To start, Everyone will tell you that Excel is not secure...and they're right. If someone wants in, they'll get in. My school of thought however, is if we can prevent the majority of users from doing that, it's a win. I've put together a few workbooks that use various methods of thwarting those types of users that include checks to ensure they can only open a workbook from a workstation on a specific domain; only specific users have access; only domain user has access; only certain users can saveas; login audit log; "black holes" which destroy the content and send me details of who bypassed security measures and from which workstation; password to open; etc...I've even tried a timed "subscription" based approach. Most of those methods work quite well for the most part.
One of the challenges becomes shared workbooks...where users have access to different sheets. Depending on how sharing is configured in your organization, if two people are both logged into the sheet they may both see each others work etc...but that's a whole other topic.
Back to the "security" aspect...
Since VBA doesn't work on Excel for Web, we need to put in some effort to make sure the user is opening the workbook with a desktop application. If opened in the web app, I typically use conditional formatting to "blank out" all content on a visible sheet except for a message to the user stating that they must open the workbook in the desktop application; as well as a caveat that says something along the line of any attempts to circumvent security are prohibited and may result in loss of data.

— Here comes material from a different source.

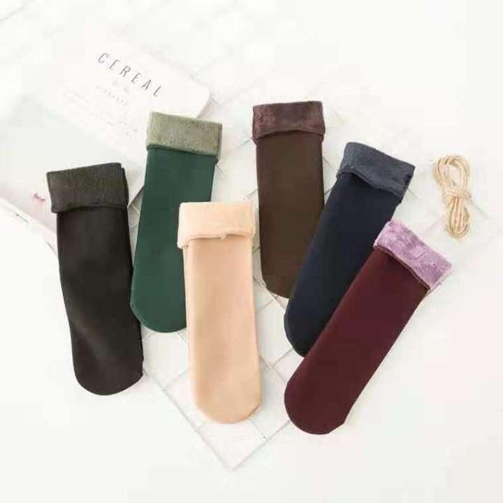 Pack of 12 (6 Pairs) Women Velvet Fur Inside Winter Socks - Multicolor

My approach typically starts with hiding (veryhidden) all sheets except one on both a workbook_open and a workbook_beforeclose event. This will force the user(s) to 'enable macros' in order to get access to any meaningful parts of the application. Now that macros are enabled we need to decide what measures we want to take to keep this secure as possible. I typically opt for the following at a minimum:
- Password to open (encrypted)
- Workbook can only be opened from specific domain connected device and confirms the user is in active directory
- Admin login field on main sheet which, if the correct password was entered, will display workbook management tab with details such as current vba project password, admin password, etc.
- Only user(s) identified as admin of the workbook can do a 'saveas'
- All hidden sheets are 'veryhidden' vs just 'hidden'
- Password protected vba project
- User Audit Log
- "black hole"
- To note with this approach. Since the sheet gets destroyed...in case the "hacker" is doing it on the main copy of the workbook you'll want to ensure you have a good backup strategy in your organization; and/or your own backup strategy for this workbook, for example a batch script that runs on your workstation that makes a copy of the workbook at regular intervals.
You mentioned a possible licensing system...I would include all of the above features, in addition to when the workbook first opens you can have it display the current expiry date and have a field where the user would enter a code to extend the expiry date. This license code could be programmed to use whatever algorithm you choose. It can be fairly simple, or complex. I typically create a "subscription generator" workbook that I use to build license codes that I would give to the users.